Would you begrudge a person going blind for trying out this technology? Didn’t think so. Tons of people have vision issues. When thousands of people achieve sight using the smart lens—and a little recording capacity thrown in—isn’t the technology normalized by default?
The smart lens probably won’t even require that much help to go mainstream. We have become addicted both to convenience and public documentation of our lives, and what’s more convenient than incorporating it into your own vision?
My gut tells me to fear these technologies—I doubt I’ll ever manage to be anything less than “highly suspicious.” But they are coming regardless, so I forced myself to brainstorm some aspects I might like.
- I can look back and see where I left my phone or wallet.
- That’s it. I tried!
Yes, the whole “dystopian creepy social state Black Mirror thing.” But I’m not treading that ground (yet).
Let’s stick with near-term. Imagine you’re an early adopter of the smart lens. What’s the most obvious practical negative?
You forget to blink them off after you begin recording, or you accidentally blink them on. You go to the bathroom, or commit some ultraviolence, or write about that unicorn fantasy your dream journal…
Then your smart lens—or wherever medium stores the video it records—gets hacked.
It’s bound to happen. I don’t doubt that the lens’s visual field will have a cue for active recording—a blinking dot, a coloration change, etc. But how fast does this become visual background noise for someone always using it?
Early adopters—mostly parents of young children, I’ll bet—will want to record entire events. Birthday parties, sports games, school plays, whatever. That means hours of straight recording at a single stretch. If it were me, I’d probably forget I was recording after the first five minutes, and I’d definitely forget to turn it off before gorging on a fourth helping of birthday cake.
Seriously, I can’t remember where I put my phone thirty seconds after I sit it down.
And what if you’ve had a few drinks? That’s when you least want your actions recorded AND when you’re least capable of realizing you’re doing exactly that.
Don’t drink and blink, kids.
The (partial) solution? Public blocking wireless signals. It’s gotta happen. Some establishments will block them entirely, and I suspect all public bathrooms will have to be fitted with some kind of full-spectrum wireless signal blocking.
This raises others issues. How many current commercial businesses could survive after blocking all wireless communications signals? Not one. But maybe we are headed toward a time when blocking wireless will help a restaurant thrive in the marketplace.

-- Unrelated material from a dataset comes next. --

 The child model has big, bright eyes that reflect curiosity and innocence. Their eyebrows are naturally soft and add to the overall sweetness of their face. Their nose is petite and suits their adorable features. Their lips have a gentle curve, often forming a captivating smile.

Sigh, so much to play with. But let’s wrap this up. How close are we to seeing these?
Sony’s patent application was filed in February 2014 and hasn’t even been reviewed yet, so I don’t think we need to worry about the smart lens hitting the market in 2017. By 2020? Possible. We just don’t have enough information yet to know what stage product development is in.

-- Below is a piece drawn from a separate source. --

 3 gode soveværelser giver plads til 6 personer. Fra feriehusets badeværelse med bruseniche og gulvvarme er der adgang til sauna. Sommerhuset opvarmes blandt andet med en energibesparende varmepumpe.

For now, take comfort in knowing that as you walk down the street, you’re only being recorded by several security feeds and multiple people shooting Instagram videos.
Any of you think you might go for this? What about those with children–not even when they were tiny and you never had a hand free to grab your camera?
Just think: ten years from now, you’ll look back on 2017 and think “ah, the simple life.” Enjoy.
*Every single article about the smart lens used the word “piezoelectric” with respect to their functionality. It was a new one to me. From Wiki: Piezoelectricity is the electric charge that accumulates in certain solid materials (like biological matter) in response to applied mechanical stress.